Segment Start: Dataset section

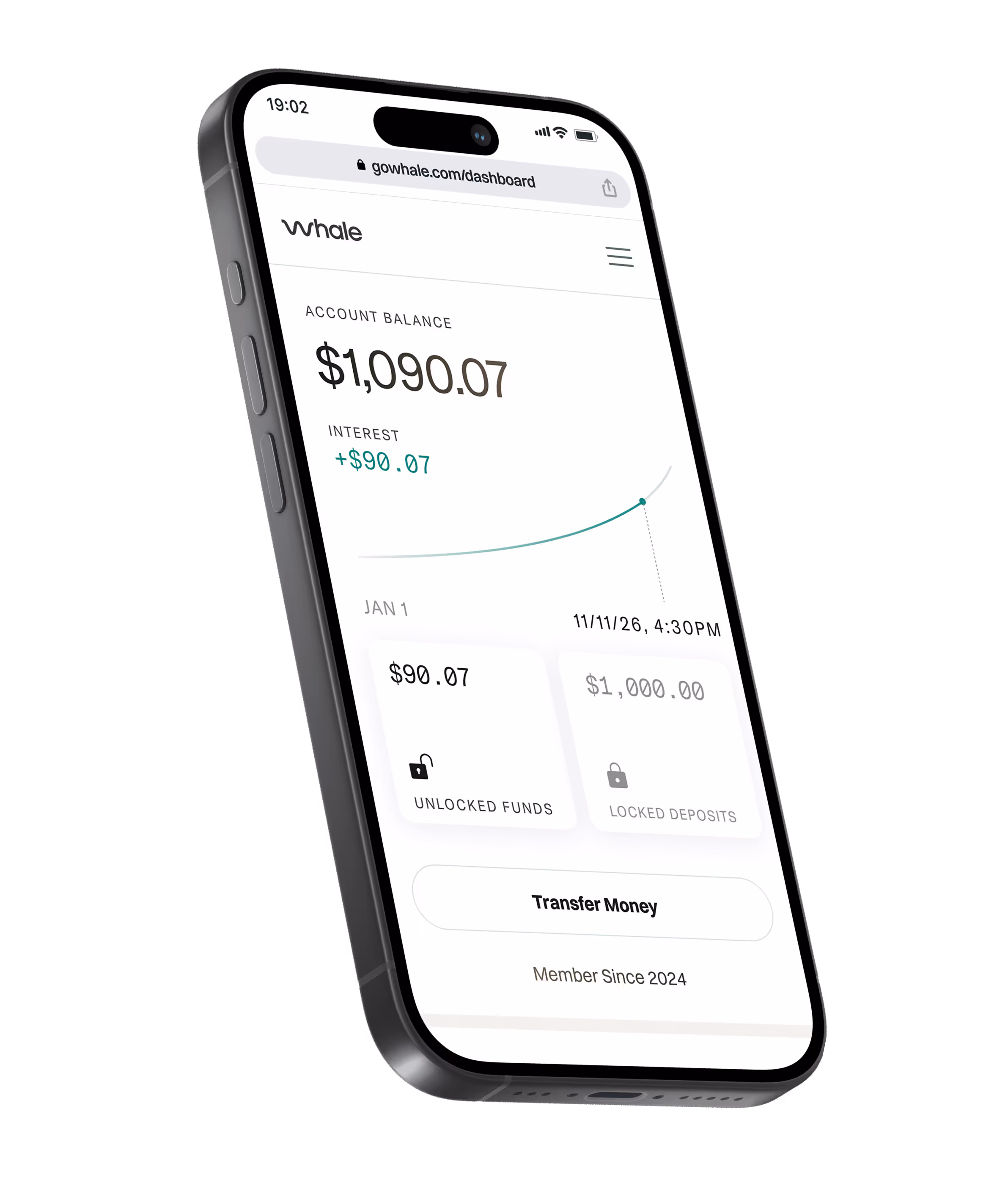 Your deposit is held in cash in an FDIC-insured account so you earn interest risk-free. Whale never invests your money in any way.
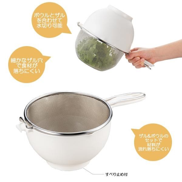 | 両側に注ぎ口が付いた片手ボウルとステンレスザルのセット。ザルを逆さにセットすると簡単に水切りができます。 |
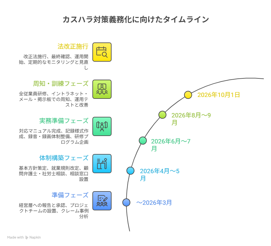 2026年10月1日の施行まで残り約9ヶ月となりました。企業が取り組むべきスケジュールイメージは次のとおりです。
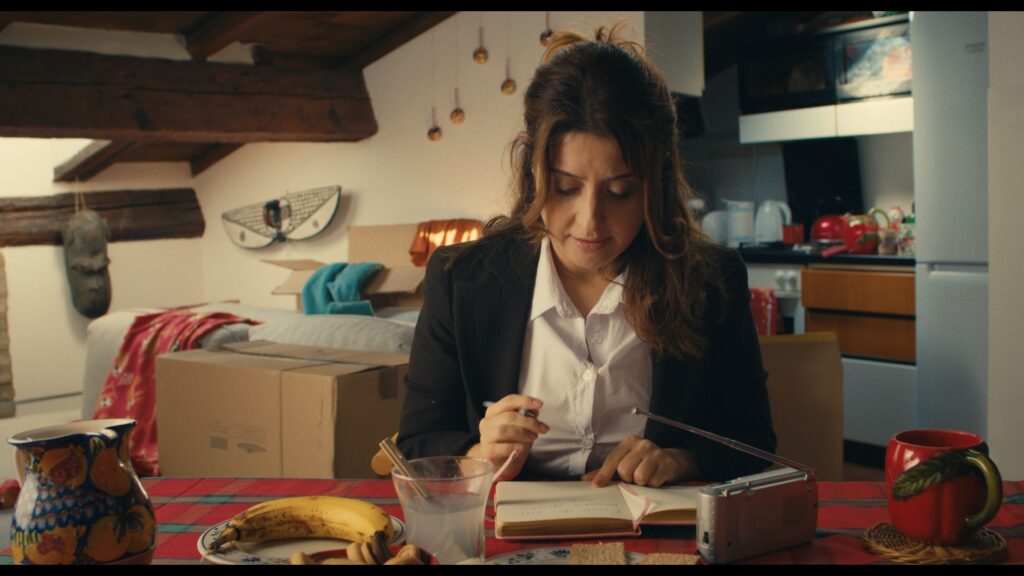 Alex (Andrea Bosca), infatti, l’ex fidanzato violento, facilmente irritabile e manesco, continua a tormentarla nella totale indifferenza delle istituzioni, costringendola a cambiare città per scappare da lui, dalle sue pressioni e minacce. La giovane decide così di lasciare la sua casa in Piemonte e trasferirsi nella vecchia abitazione della nonna a Ferrara. Riconosciamo le vie del centro storico e i suoi ciottoli, i campanelli dorati, la libreria che vende libri usati dove si trovano bellissime sorprese. Mentre la nostra Agata, imbottita di colorate pillole omeopatiche, si dirige all’edificio che ospita il call center dove lavora, senza alcuna prospettiva e inascoltata da clienti esasperati.

Segment End: Dataset section

Work instructions
Output the material above word for word. Leave out its images.

Finished task
 Your deposit is held in cash in an FDIC-insured account so you earn interest risk-free. Whale never invests your money in any way.
 | 両側に注ぎ口が付いた片手ボウルとステンレスザルのセット。ザルを逆さにセットすると簡単に水切りができます。 |
 2026年10月1日の施行まで残り約9ヶ月となりました。企業が取り組むべきスケジュールイメージは次のとおりです。
 Alex (Andrea Bosca), infatti, l’ex fidanzato violento, facilmente irritabile e manesco, continua a tormentarla nella totale indifferenza delle istituzioni, costringendola a cambiare città per scappare da lui, dalle sue pressioni e minacce. La giovane decide così di lasciare la sua casa in Piemonte e trasferirsi nella vecchia abitazione della nonna a Ferrara. Riconosciamo le vie del centro storico e i suoi ciottoli, i campanelli dorati, la libreria che vende libri usati dove si trovano bellissime sorprese. Mentre la nostra Agata, imbottita di colorate pillole omeopatiche, si dirige all’edificio che ospita il call center dove lavora, senza alcuna prospettiva e inascoltata da clienti esasperati.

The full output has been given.